Chronic infection with hepatitis B virus (HBV) is the most common cause of liver cancer worldwide, as well as a major risk factor for development of cirrhosis and end-stage liver disease.1 The hepatitis B vaccine is highly effective in preventing new infections, but 360 million people still suffer from chronic hepatitis B and there are 600 000 annual deaths from HBV-related causes.1 Recent genome-wide association studies identified single nucleotide polymorphisms (SNPs) located within the human leukocyte antigen (HLA) class II genes HLA-DPA1 and HLA-DPB1 to be associated with chronic hepatitis B.2, 3 Replication studies performed on two of these SNPs (rs3077 and rs9277535) confirmed and strengthened results from the genome-wide association studies.2 Class II HLA genes encode proteins expressed on the surface of antigen-presenting cells such as macrophages, dendritic cells and B cells, and thereby have a critical role in presentation of antigens to CD4+ T-helper lymphocytes. HLA genes have many structural variants that have been linked to immune response to infectious agents,4 but genetic variants that influence HLA mRNA expression might also affect antigen presentation and many ‘gene expression-associated SNPs’ (eSNPs) have been found for HLA genes.5, 6 An integrated approach combining genotype information with genome-wide gene expression data in relevant tissues can identify genetic variations that are both regulatory and disease causing.6, 7 In this study, we examined whether SNPs implicated in chronic hepatitis B are associated with mRNA expression in liver samples from the Human Liver Cohort, a large study of genotype and gene expression in normal liver.6 Additionally, we performed confirmatory allelic expression imbalance (AEI) studies in human liver and peripheral blood. We found that SNPs associated with chronic hepatitis B are strongly associated with decreased expression of important antigen-presenting molecules, HLA-DPA1 and HLA-DPB1.

Results

Genetic variants and mRNA expression

A published genome-wide association study for chronic hepatitis B identified 11 disease-associated SNPs; confirmatory replication studies were performed on rs3077 and rs9277535 (ref. 2). SNP rs3077 is located in the 3′ untranslated region (3′ UTR) of HLA-DPA1, rs2395309 lies 6.5 kb downstream of HLA-DPA1 and rs2301220 is found in the first intron of HLA-DPA1. These SNPs are in complete linkage disequilibrium (LD) in Europeans (CEU HapMap samples, r2=1.0; Figure 1a) and in near complete LD in Asians (JPT+CHB HapMap samples, r2=0.93–0.97, Figure 1b). Among the 650 000 SNPs that were genotyped and examined for association with expression of HLA-DPA1, rs2395309, rs3077 and rs2301220 were the variants most strongly associated with mRNA expression of this gene (p10−48; Table 1). Of the eight remaining SNPs that were associated with chronic hepatitis B,2 five were associated with expression of HLA-DPA1 as well (Table 1).

Figure 1
figure 1

LD (r2) between SNPs associated with chronic hepatitis B: (a) European samples (CEU, HapMap); (b) Asian samples (JPT and CHB, HapMap).

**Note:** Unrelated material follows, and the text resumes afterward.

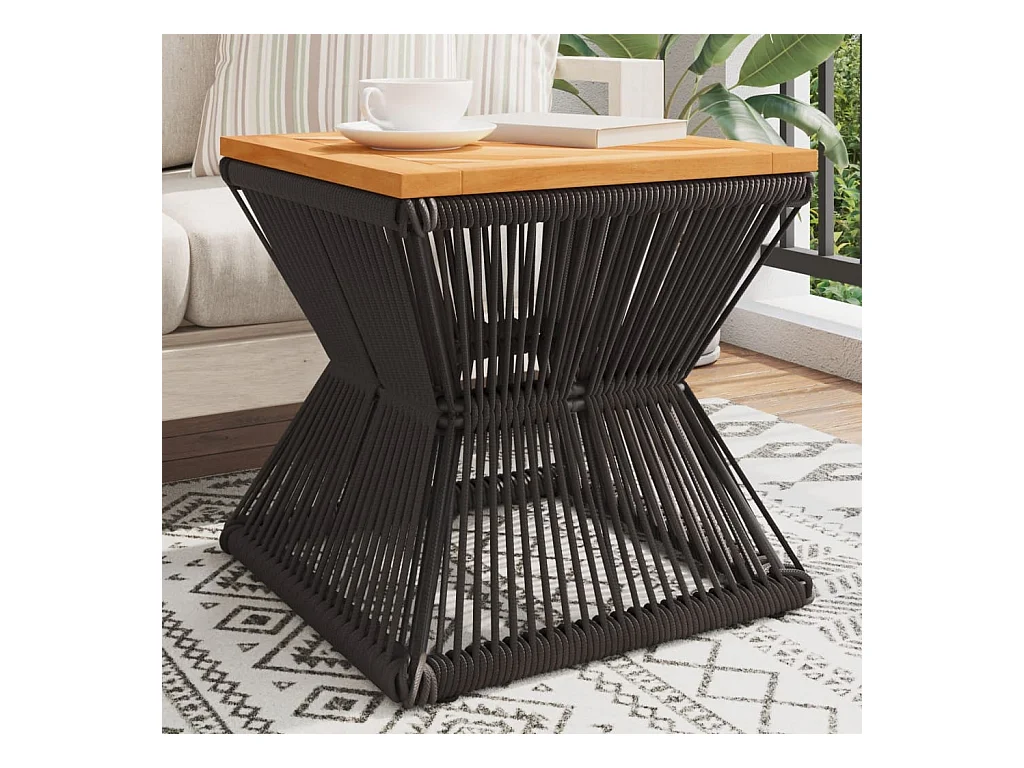 Mesa de centro com base de arame 38x38x38 cm acácia maciça

Table 1 SNPs associated with chronic infection with HBV2 and with mRNA expression of HLA-DPA1 and HLA-DPB1 in 651 human liver tissue samples

Figure 2a shows odds ratios for chronic hepatitis B2 and differences in mean-log gene expression by rs3077 genotypes. Gene expression was measured relative to a pool of control liver samples,6 and the risk genotype for chronic HBV (GG) is set to zero as a reference. The rs3077-G allele was associated with both higher risk of chronic hepatitis B and lower expression of HLA-DPA1 in a pattern consistent with an additive genetic model.

Figure 2
figure 2

Association of rs3077 and rs9277535 with risk of chronic HBV infection2 (blue) and mRNA expression of HLA-DPA1 and HLA-DPB1 in 651 human liver tissue samples from the Human Liver Cohort (red).6 (a) Odds ratios for chronic HBV2 and difference in expression of HLA-DPA1 in liver tissue, by rs3077 genotype. (b) Odds ratios for chronic HBV2 and difference in expression of HLA-DPB1 in liver tissue, by rs9277535 genotype. Gene expression values represent the arithmetic increase in mean-log gene expression compared with the risk genotype (rs3077GG or rs9277535GG) groups.

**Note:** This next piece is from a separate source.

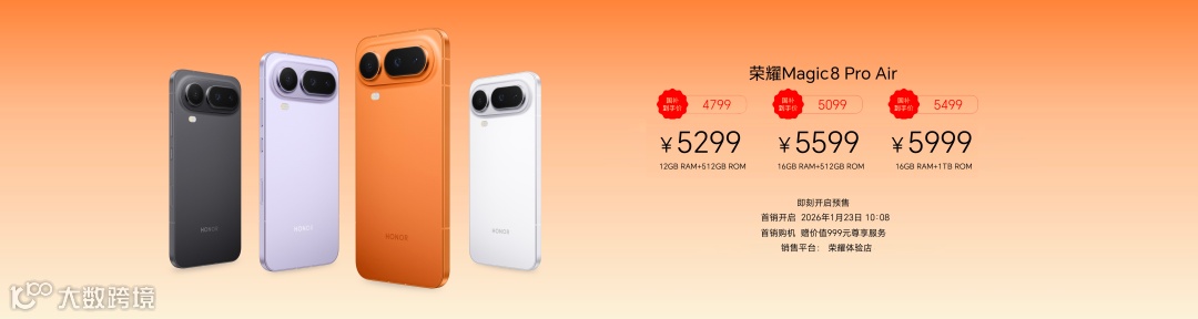 售价方面,荣耀Magic8 Pro Air 12GB+512GB、16GB+512GB和16GB+1TB版本售价国补后分别为4799元、5099元和5499元。现已在荣耀体验店开启预售,并于2026年1月23日10:08正式开售,首销购机赠价值999元尊享服务。

Similarly, SNP rs9277535, located within the 3′ UTR of HLA-DPB1 (22 kb from rs3077), was strongly associated with both increased risk of chronic hepatitis B and decreased expression of HLA-DPB1 (p=10−15; Table 1, Figure 2b). There is only weak LD between rs9277535 and rs3077 in Europeans (r2=0.09, D′=0.50; HapMap CEU; Figure 1a) and Asians (r2=0.24, D′=0.54; HapMap JPT+CHB; Figure 1b), suggesting that effects of these SNPs are likely to be independent.

To confirm that rs3077 and rs9277535 are associated with increased mRNA expression of their respective genes, we also examined genotype and gene expression data from a publically available database of 400 Epstein-Barr virus-transformed lymphoblastoid cell lines obtained from British children with asthma.5 Among these subjects, rs3077 was strongly associated with HLA-DPA1 expression (p=10−21) and rs9277535 with HLA-DPB1 expression (p=10−12).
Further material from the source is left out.